Haskell: Not a memory leak from ST / GC?

I have a calculation inside ST that allocates memory through Data.Vector.Unboxed.Mutable. A vector is never read or written, and no link is saved outside of runST (as far as I know). The problem is that when I run my ST calculations several times, I sometimes seem to save memory for the vector around.

Distribution Statistics:

5,435,386,768 bytes allocated in the heap 5,313,968 bytes copied during GC 134,364,780 bytes maximum residency (14 sample(s)) 3,160,340 bytes maximum slop 518 MB total memory in use (0 MB lost due to fragmentation) 

Here I call runST 20x with different values ​​for my calculation and a 128 MB vector (again - unused, not returned or not mentioned outside of ST). The maximum residence looks good, basically just my vector plus a few MB of other things. But general memory usage indicates that I have four copies of the vector at the same time. This scales perfectly with the size of the vector, for 256 MB we get 1030 MB, as expected.

Using a 1GB vector ends up in memory (4x1GB + overhead> 32 bits).
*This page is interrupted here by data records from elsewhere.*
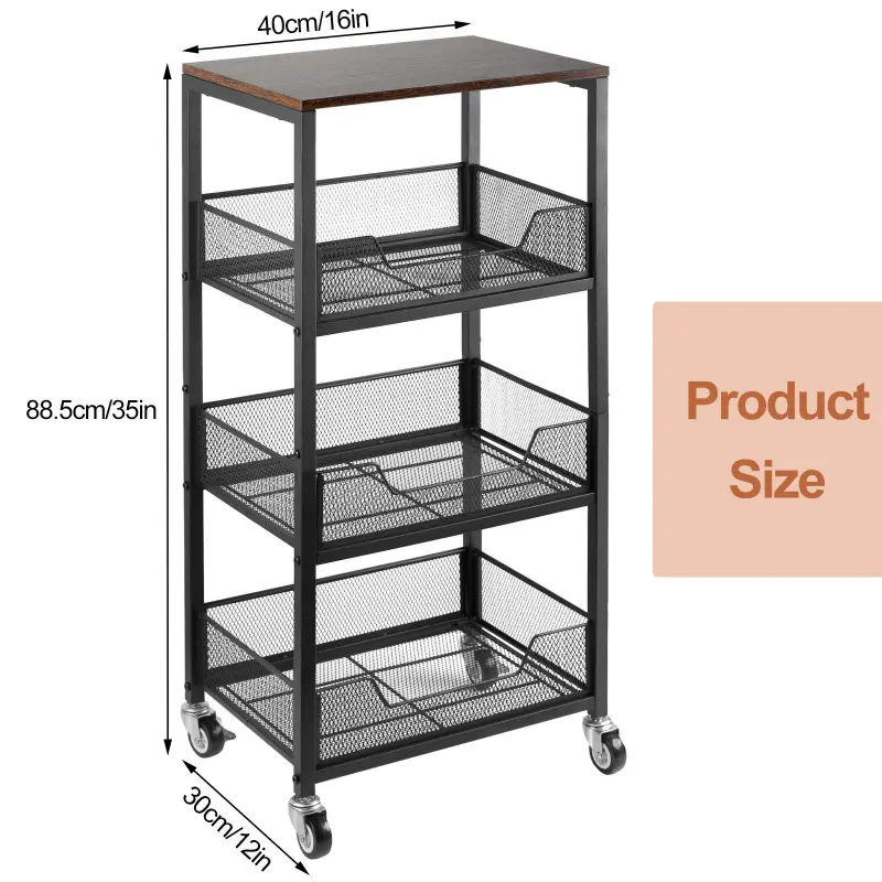 Large Capacity & Design: The 3-tier structure (plus the wood top surface) offers ample vertical storage.Tilted front baskets ensure easy access to contents like fruits, vegetables, or daily necessities.
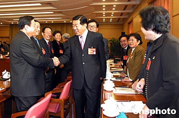 全國政協(xié)主席賈慶林今天來到他所在的北京代表團(tuán),與代表們共同審議溫家寶總理所作的《政府工作報(bào)告》。
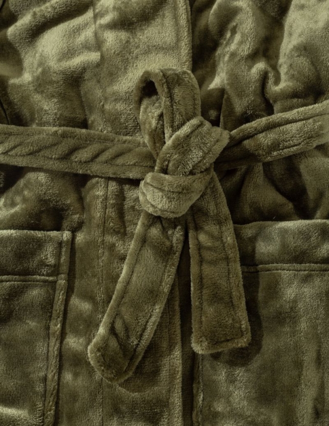 En riktigt mjuk och skön morgonrock från Trofe. Slutar strax över ankeln, beroende på hur långa man är. Snygg mörkgrön färg.

I don’t understand why RTS preserves apparently unused, unidentified memory, and not just GC'ing, at least at the moment when the distribution would otherwise fail.

Starting with + RTS -S shows the following:

  Alloc Copied Live GC GC TOT TOT Page Flts bytes bytes bytes user elap user elap 134940616 13056 134353540 0.00 0.00 0.09 0.19 0 0 (Gen: 1) 583416 6756 134347504 0.00 0.00 0.09 0.19 0 0 (Gen: 0) 518020 17396 134349640 0.00 0.00 0.09 0.19 0 0 (Gen: 1) 521104 13032 134359988 0.00 0.00 0.09 0.19 0 0 (Gen: 0) 520972 1344 134360752 0.00 0.00 0.09 0.19 0 0 (Gen: 0) 521100 828 134360684 0.00 0.00 0.10 0.19 0 0 (Gen: 0) 520812 592 134360528 0.00 0.00 0.10 0.19 0 0 (Gen: 0) 520936 1344 134361324 0.00 0.00 0.10 0.19 0 0 (Gen: 0) 520788 1480 134361476 0.00 0.00 0.10 0.20 0 0 (Gen: 0) 134438548 5964 268673908 0.00 0.00 0.19 0.38 0 0 (Gen: 0) 586300 3084 268667168 0.00 0.00 0.19 0.38 0 0 (Gen: 0) 517840 952 268666340 0.00 0.00 0.19 0.38 0 0 (Gen: 0) 520920 544 268666164 0.00 0.00 0.19 0.38 0 0 (Gen: 0) 520780 428 268666048 0.00 0.00 0.19 0.38 0 0 (Gen: 0) 520820 2908 268668524 0.00 0.00 0.19 0.38 0 0 (Gen: 0) 520732 1788 268668636 0.00 0.00 0.19 0.39 0 0 (Gen: 0) 521076 564 268668492 0.00 0.00 0.19 0.39 0 0 (Gen: 0) 520532 712 268668640 0.00 0.00 0.19 0.39 0 0 (Gen: 0) 520764 956 268668884 0.00 0.00 0.19 0.39 0 0 (Gen: 0) 520816 420 268668348 0.00 0.00 0.20 0.39 0 0 (Gen: 0) 520948 1332 268669260 0.00 0.00 0.20 0.39 0 0 (Gen: 0) 520784 616 268668544 0.00 0.00 0.20 0.39 0 0 (Gen: 0) 521416 836 268668764 0.00 0.00 0.20 0.39 0 0 (Gen: 0) 520488 1240 268669168 0.00 0.00 0.20 0.40 0 0 (Gen: 0) 520824 1608 268669536 0.00 0.00 0.20 0.40 0 0 (Gen: 0) 520688 1276 268669204 0.00 0.00 0.20 0.40 0 0 (Gen: 0) 520252 1332 268669260 0.00 0.00 0.20 0.40 0 0 (Gen: 0) 520672 1000 268668928 0.00 0.00 0.20 0.40 0 0 (Gen: 0) 134553500 5640 402973292 0.00 0.00 0.29 0.58 0 0 (Gen: 0) 586776 2644 402966160 0.00 0.00 0.29 0.58 0 0 (Gen: 0) 518064 26784 134342772 0.00 0.00 0.29 0.58 0 0 (Gen: 1) 520828 3120 134343528 0.00 0.00 0.29 0.59 0 0 (Gen: 0) 521108 756 134342668 0.00 0.00 0.30 0.59 0 0 (Gen: 0) 

Here, it looks like we have "live bytes" exceeding ~ 128 MB.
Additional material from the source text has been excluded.